劍川直接起身,坐到另一邊的一張木幾上,大大咧咧望了那聖僧不再語。
“哼,你在考校我的耐心?”
“非也!非也!乃是你這老和尚栽贓陷害,弄得我無可奈何麼!”
“哼,敢讓我門下弟子搜身麼?”
“搜身?啊呀,你是強盜還是聖僧?”
“隻要心中有佛,強盜與聖僧有區彆麼?”
“啊!原來上洞天的人與妖都是修煉的臉皮厚啊!就你這樣品行,我都不知道你怎麼就修到了羅漢果位的?”
“哼,順天道爾!”
那聖僧居然毫不生氣,隻是泰然處之,淡然應答。劍川觀其模樣,忽然氣得笑了起來。
“嗬嗬嗬,還真是老鬼!連一丁點的廉恥都不顧了。你是佛家呀,難道是強盜麼?”
“你懂什麼佛?我法即天道!這就是佛!”
“啊?我法即天道就是佛?”
“那麼救苦救難,度化罪孽,洗滌靈魂都是邪說了?所謂智德、斷德、思德三德之所修,自覺、他覺、覺行圓滿三覺之所法,小乘四果、六通、十八不共法等等佛家正途,小乘之法、大乘之修都是胡說了?”
“咦,居士知道的不少麼?看來你也是我輩中人,那就好辦了。

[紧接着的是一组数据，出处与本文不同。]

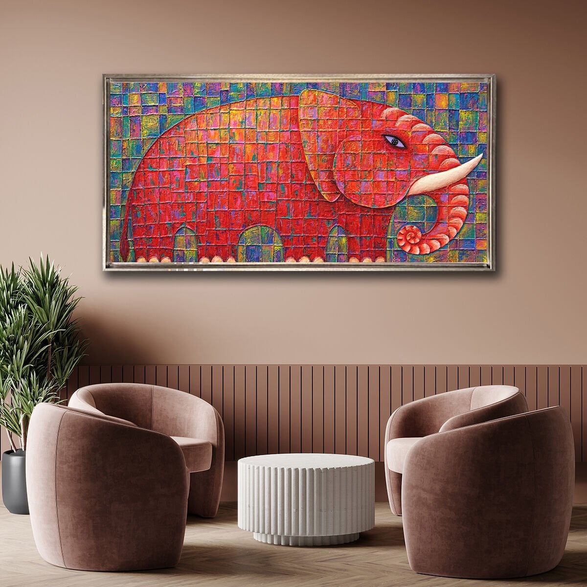 Kırmızı Fil, Yağlı Boya Dokulu Tablo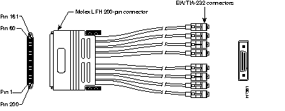 The following illustration shows serial cable CAB-OCT-232-MT= (part number CAB-OCT-232-MT=), which is used with the PA-8T-232 port adapter for the Cisco 7000 family, and in Cisco 4000 series systems with the NP-2T16S-RS232 network processor module. This cable has a female 200-pin, Molex connector on the Cisco end and eight 25-pin Winchester block-type EIA/TIA-232 male connectors on the network end. (See Figure 13-1 for the EIA/TIA-232 connector detail.)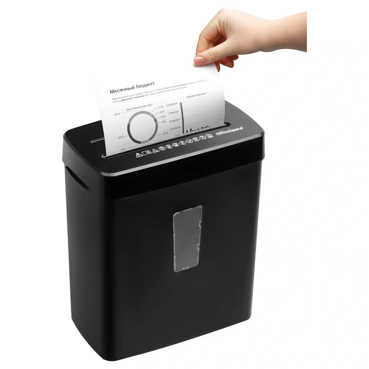Уничтожитель документов OfficeSpace DS813 – модель компактного размера для использования дома или в офисе. Предназначен для уничтожения документов, CD-дисков и пластиковых карт. Отдельное отверстие с корзиной для измельчения CD помогут разделить измельченные отходы. Интуитивно понятная панель управления упрощает использование уничтожителя. Для отслеживания наполняемости корзины в ней предусмотрено смотровое окно.

隻要你將佛門聖物拿出來與我共同參詳,我承諾那物事還是你的,隻是需借與我相助突破即可。”
“我算是真正了解你這佛門修家了,臉皮厚的可以嚇死人呀!”
“當真不借?”
“我沒有你說的聖物,給你借什麼?”
“好好好!如此你就在此地多留些日子,好好思量吧!”
那老和尚忽然將手一指,一道鐘鼎之聲響過,劍川發現自家居然已經是遭其封印了!四下裡精銅為牆,畫日為光,禁錮了自己。
“老和尚,你放開我吧,我當真沒有你說得物事。”
劍川嘗試破解,卻然發現那物事居然強到了自家神通毫無撼動分毫的地步,心間不由一緊。
“哼,小子,你呀,就在那兒好好反思一下吧。到底該如何做?想好了,慢慢兒告訴我。”
不一時,劍川龐大的神識透過那精銅居室,看到那位小沙彌居然將手托了此一物事缽盂,將其鎮壓到了一座佛塔之下。

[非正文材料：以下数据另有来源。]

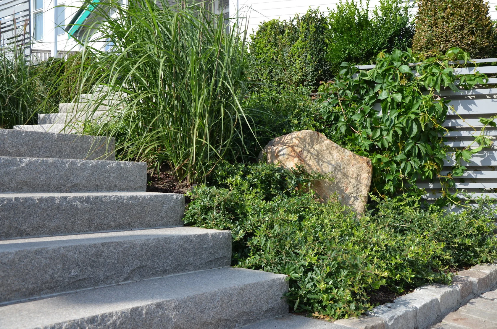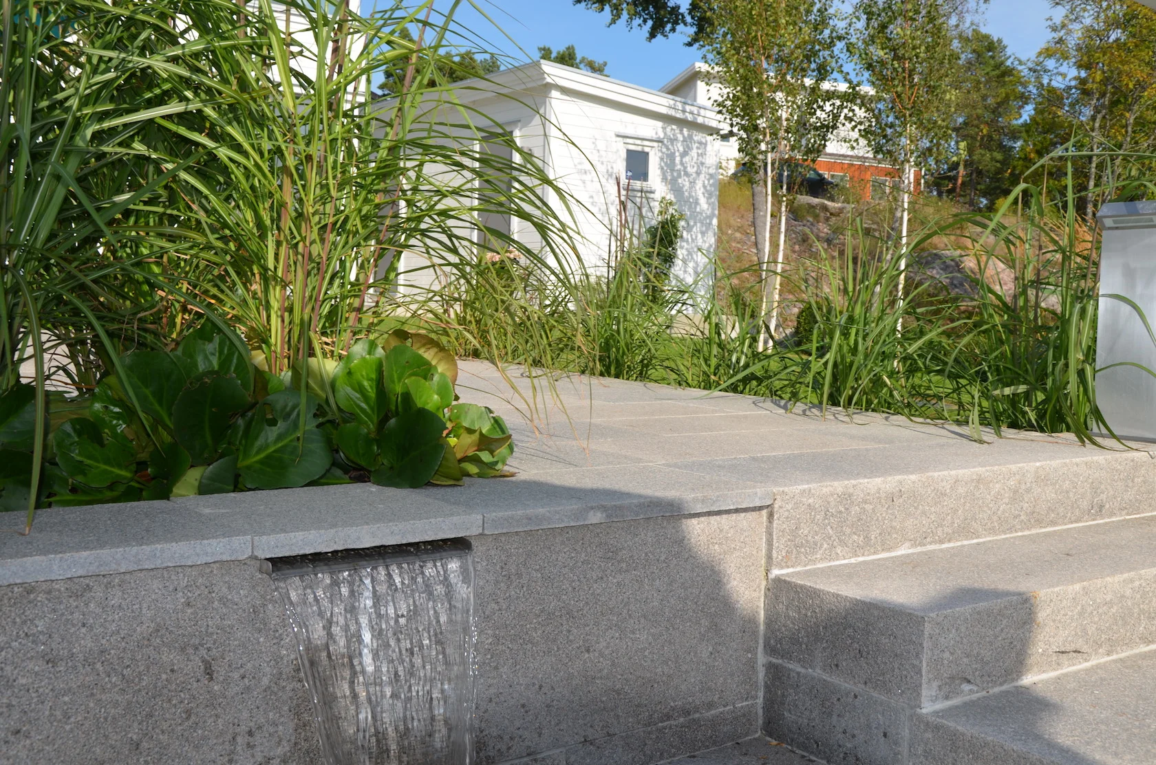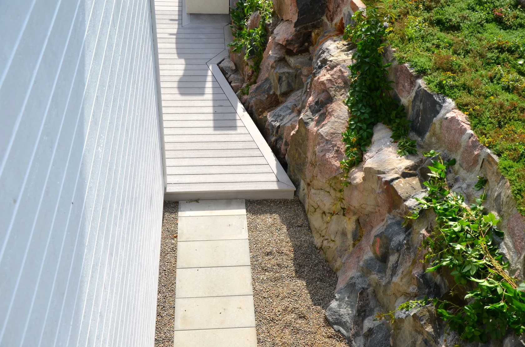 Svårigheten att hitta kommunikationsvägar på en sluttningstomt med så många olika funktioner löstes successivt genom bra dialog med husägarna. Stenmurar, trappor, avsatser, sittplatser och gångar passades in på ritningen som kändes pytteliten... Mellanrummen planterades med insynsskyddande växtlighet passande för soligt, blåsigt och torrt läge.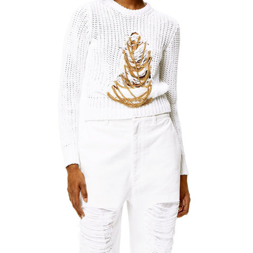 LOEWE/罗意威 22年秋冬新款 女士牛软白色系工刺绣金链罗纹麻和亚麻针织圆领毛衣S359Y14KAD-1950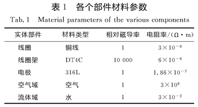 有限元網(wǎng)格的質量直接影(ying)響計算精度,采用(yong)自動網格劃分,單(dān)元形狀爲四面體(ti),粗網格和細網格(ge)之間過渡并不光(guāng)滑,因此将流體域(yù)和空氣域之間的(de)測量管域的網格(ge)單元大小設置爲(wei)2mm。網格劃分後,導入(rù)Anrsys中進行單元類型(xíng)、材料、實常數、載荷(he)、邊界條件和場路(lù)耦合單元設置。線(xian)圈用銅線實現,匝(zā)數共6500匝,其截面積(jī)爲2.72×10-4:mm²,體積爲1.49×10-5mm3;線圈坐(zuò)标系單獨定義爲(wei)局部柱坐标系,軸(zhou)向爲正Y方向,其餘(yú)部件的坐标系使(shi)用全局笛卡爾坐(zuo)标系,軸向爲正Y方(fāng)向。各個部件的材(cai)料參數設置見表(biǎo)1。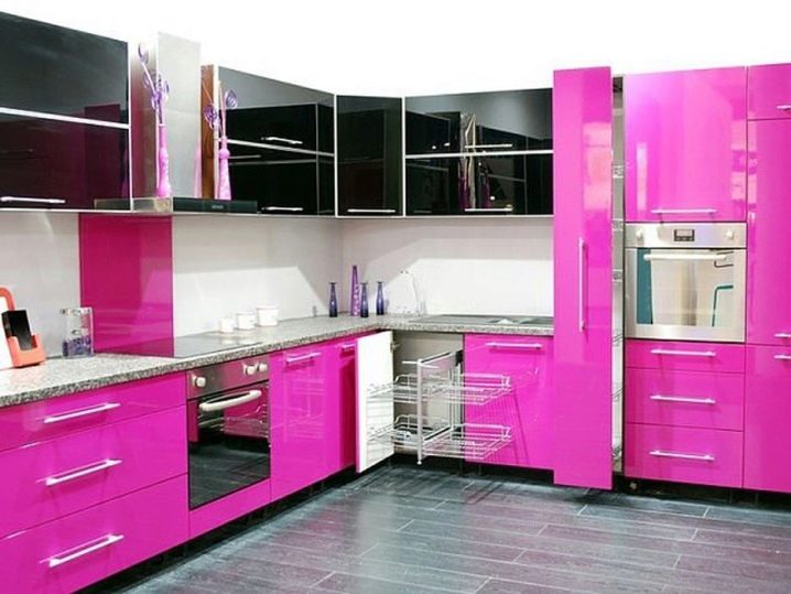 Чудесна комбинация за кухня с тъмен под ще бъде трио: сиво, черно, розово. Грей ще действа като неутрализатор тук, тоест ще балансира другите цветове, правейки черното по -малко сериозно, а розовото по -малко натрапчиво..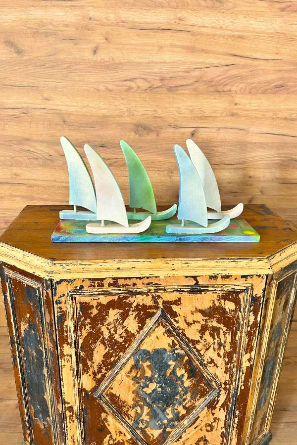 Deniz ve yelken tutkunlarının beğenisini kazanacak olan Yelkenliler Biblosu, evinizin dekorasyonuna şıklık ve ferahlık katacak benzersiz bir parça. Renkli yelkenleri ve modern tasarımı ile dikkat çeken bu biblo, her ortamda denizin huzur verici atmosferini yansıtıyor.

“啊喲喲,這個禿驢!老子······真是晦氣!莫名其妙居然遭人囚禁!”
大約是到了第十日,那老和尚又來糾纏!劍川嘲笑道
“禿驢,老子在此地很好!你就不要有其他想法了!”
“哼,狗賊,待老衲好好招待你一下!”
那大和尚忽然捏了法印,將一道道佛旨法印轟在那缽盂之上,缽盂中劍川感覺渾身似乎遭了莫名業火焚燒,從內至外,炎火灼烈,熊熊而起!隻是一瞬其就不能忍受了,慘叫聲嗷嗷,卻有無可退去。
“你我往日無冤近日無仇的,奈何這般心狠?啊喲!啊喲!······禿驢,你不得好死!不得好死啊!”
那劍川痛得死去活來,直到其奄奄一息,那老和尚方才冷眼一瞥,駕了一道雲霧疾馳遠去。
“哎喲!痛死我了!唉喲!我恨啊!哪裡不能宿一宿,卻偏偏到了這裡,難道這就是我的孽報麼?無可能避開!”
這第一次紅蓮業火的燒灼,劍川傷的確實挺重,一直到了兩個月後,其身子骨方才有了舊時的堅強。
“啊呀呀,老子······老子······唉!既然紅蓮業火可以灼燒到我的五臟六腑、靈識魂魄,說明我還有許許多多孽報未完!還有許許多多塵緣未了呀!唉,焚燒吧!算是我的另類的修煉吧!哎喲喲,隻是太疼了!幾乎都忍不住了!”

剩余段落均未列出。